=== TASK TO COMPLETE ===
Copy nothing but the lines below, from the one with "淡い色合いの大きな襟がアクセントのシャツワンピース。" through the one with "What is more, it", exactly as written; no pictures should appear.

=== SUPPLIED DATA ===
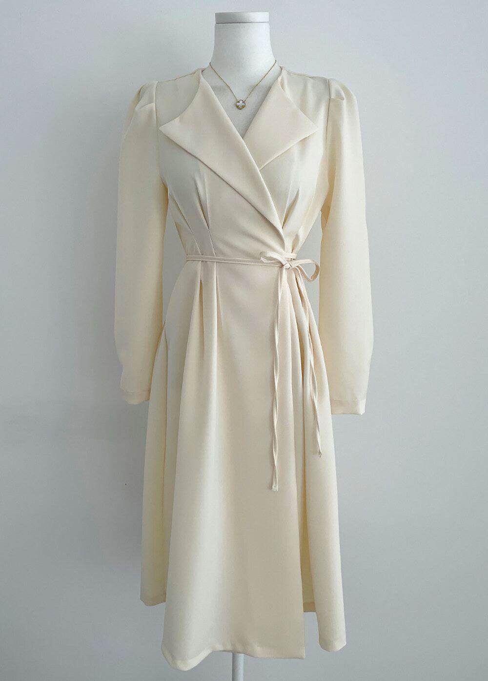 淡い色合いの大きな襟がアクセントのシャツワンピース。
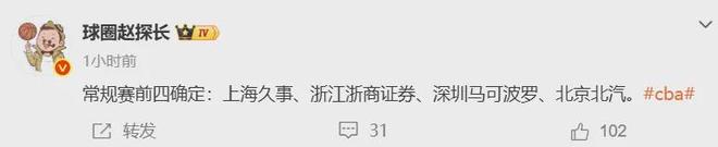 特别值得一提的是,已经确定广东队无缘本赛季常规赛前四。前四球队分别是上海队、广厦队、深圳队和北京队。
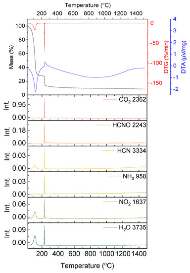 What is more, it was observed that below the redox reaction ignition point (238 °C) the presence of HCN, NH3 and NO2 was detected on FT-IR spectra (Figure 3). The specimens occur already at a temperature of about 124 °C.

...

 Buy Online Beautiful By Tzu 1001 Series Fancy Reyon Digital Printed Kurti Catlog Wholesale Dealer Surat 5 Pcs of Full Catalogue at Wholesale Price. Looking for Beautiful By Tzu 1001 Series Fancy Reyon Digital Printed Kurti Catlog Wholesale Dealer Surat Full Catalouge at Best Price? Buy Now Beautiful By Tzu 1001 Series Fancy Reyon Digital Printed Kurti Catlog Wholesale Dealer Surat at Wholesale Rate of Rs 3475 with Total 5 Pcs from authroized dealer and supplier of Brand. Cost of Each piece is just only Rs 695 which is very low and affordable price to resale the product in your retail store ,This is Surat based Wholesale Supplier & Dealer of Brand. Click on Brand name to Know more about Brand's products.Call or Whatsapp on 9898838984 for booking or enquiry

=== EXERCISE ANSWER ===
 淡い色合いの大きな襟がアクセントのシャツワンピース。
 特别值得一提的是,已经确定广东队无缘本赛季常规赛前四。前四球队分别是上海队、广厦队、深圳队和北京队。
 What is more, it was observed that below the redox reaction ignition point (238 °C) the presence of HCN, NH3 and NO2 was detected on FT-IR spectra (Figure 3). The specimens occur already at a temperature of about 124 °C.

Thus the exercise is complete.